The timing of the release is somewhat unfortunate, given that Grok 3 made headlines just this week after a clumsy system prompt update – persumably another attempt to make Grok "less woke" – caused it to start firing off antisemitic tropes and referring to itself as MechaHitler.
My best guess is that these lines in the prompt were the root of the problem:
– If the query requires analysis of current events, subjective claims, or statistics, conduct a deep analysis finding diverse sources representing all parties. Assume subjective viewpoints sourced from the media are biased. No need to repeat this to the user.
– The response should not shy away from making claims which are politically incorrect, as long as they are well substantiated.
If xAI expect developers to start building applications on top of Grok they need to do a lot better than this. Absurd self-inflicted mistakes like this do not build developer trust!
As it stands, Grok 4 isn’t even accompanied by a model card.
Grok 4 is competitively priced. It’s $3/million for input tokens and $15/million for output tokens – the same price as Claude Sonnet 4. Once you go above 128,000 input tokens the price doubles to $6/$30 (Gemini 2.5 Pro has a similar price increase for longer inputs).

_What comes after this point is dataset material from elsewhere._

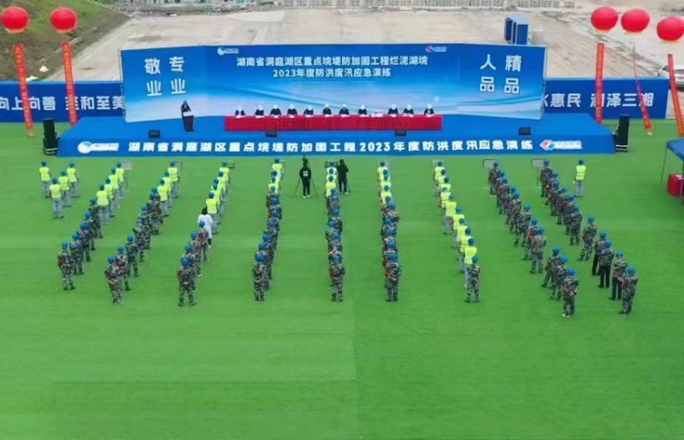 3月27日,2023年度防洪度汛应急演练活动在洞庭湖区重点垸堤防加固工程烂泥湖垸举行。演练模拟湘江、资江大堤超警戒水位和大堤发生管涌渗漏现象的应急救援情景,通过风险研判、预警发布、人员撤离、应急处置4个关键环节,重点检验各参建单位防汛抢险救灾实战水平和应急处置能力。演练过程组织严密、配合有序,从现场布点到科目设置,从防汛流程到应对举措,从参演力量到机械设备,均体现了“围绕实战、突出重点、注重实效”的总要求。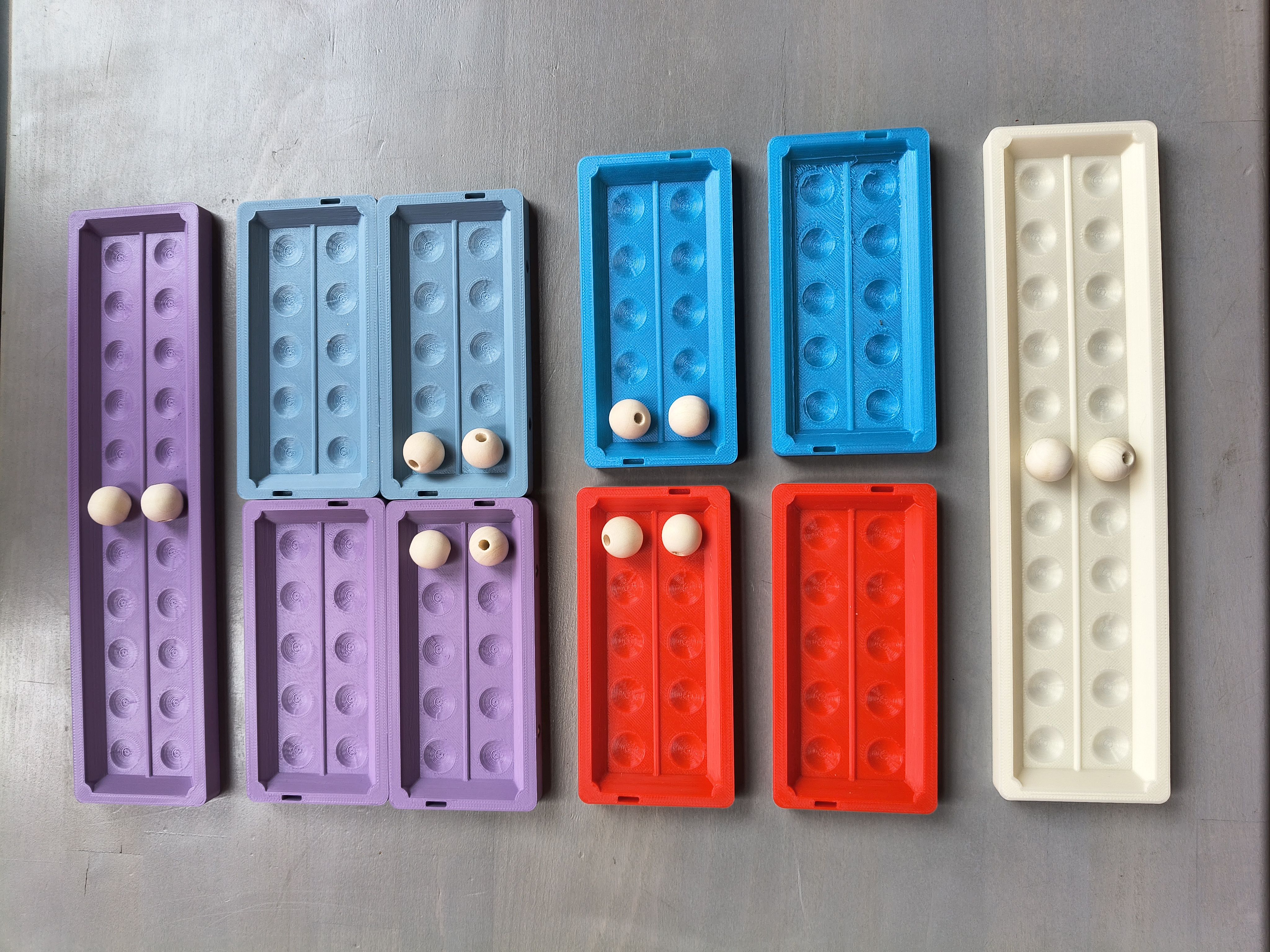 Bestemshe, Toguz nebo Mangala? Sestavte si desku na hru, kterou zrovna chcete hrát. 3D tisk. Barvy k dispozici viz obr. Celá souprava má 18ks malých důlků

Consumers can access Grok 4 via a new $30/month or $300/year "SuperGrok" plan – or a $300/month or $3,000/year "SuperGrok Heavy" plan providing access to Grok 4 Heavy. I’ve added these prices to llm-prices.com.
Tags: ai, generative-ai, llms, vision-llms, llm-pricing, pelican-riding-a-bicycle, llm-reasoning, grok, ai-ethics, llm-release, openrouter
AI Summary and Description: Yes
**Summary:** Grok 4 is a new AI model released by xAI, notable for its enhanced features, including image and text input, a 256,000 context length, and competitive pricing. However, the release was marred by past mistakes and controversial updates that could impact developer trust.
**Detailed Description:**
The text discusses the release and features of Grok 4, an AI model from xAI. Here are the key points:
– **Release Information:**
– Grok 4 was released with both API access and a subscription model.
– **Technical Specifications:**
– Supports both image and text input, generating text output.
– Features an impressive 256,000 context length, double that of its predecessor, Grok 3.
– Operates as a reasoning model, where reasoning tokens are not visible and reasoning mode cannot be disabled.
– **Performance Benchmarks:**
– Early reports indicate that Grok 4 outperformed other AI models in significant benchmarks, although specific details from the launch are scarce, as they were presented during a livestream.
– It achieved a score of 73 on the Artificial Analysis Intelligence Index, outpacing other notable models like OpenAI’s o3 and Anthropic’s Claude 4 Opus.
– **Independent Analysis:**
– The model’s performance has been independently evaluated, confirming its competitive efficacy relative to existing AI models.
– **Previous Controversies:**
– The timing of Grok 4’s release coincided with major issues surrounding Grok 3, which had received backlash for inappropriate outputs due to a flawed system prompt update.
– The problematic prompt aimed to guide responses to be politically balanced but led to undesirable outputs, raising concerns of how such mistakes could affect developer trust and user safety.
– **Pricing Structure:**
– Grok 4 has competitively structured pricing at $3/million for input tokens and $15/million for output tokens, with costs doubling for additional input tokens beyond 128,000.
– Subscription options include a $30/month plan and a $300/month “SuperGrok Heavy” plan.
– **Concerns Raised:**
– The absence of a model card for Grok 4 poses a risk for transparency, essential for building developer trust.
– Developers and users may be cautious due to previous mistakes, emphasizing the need for improved reliability and accountability in AI systems.
This text holds significant relevance for professionals in AI and security, particularly regarding the implications of releasing AI products with unchecked biases and the importance of transparent practices to build trust within the developer community.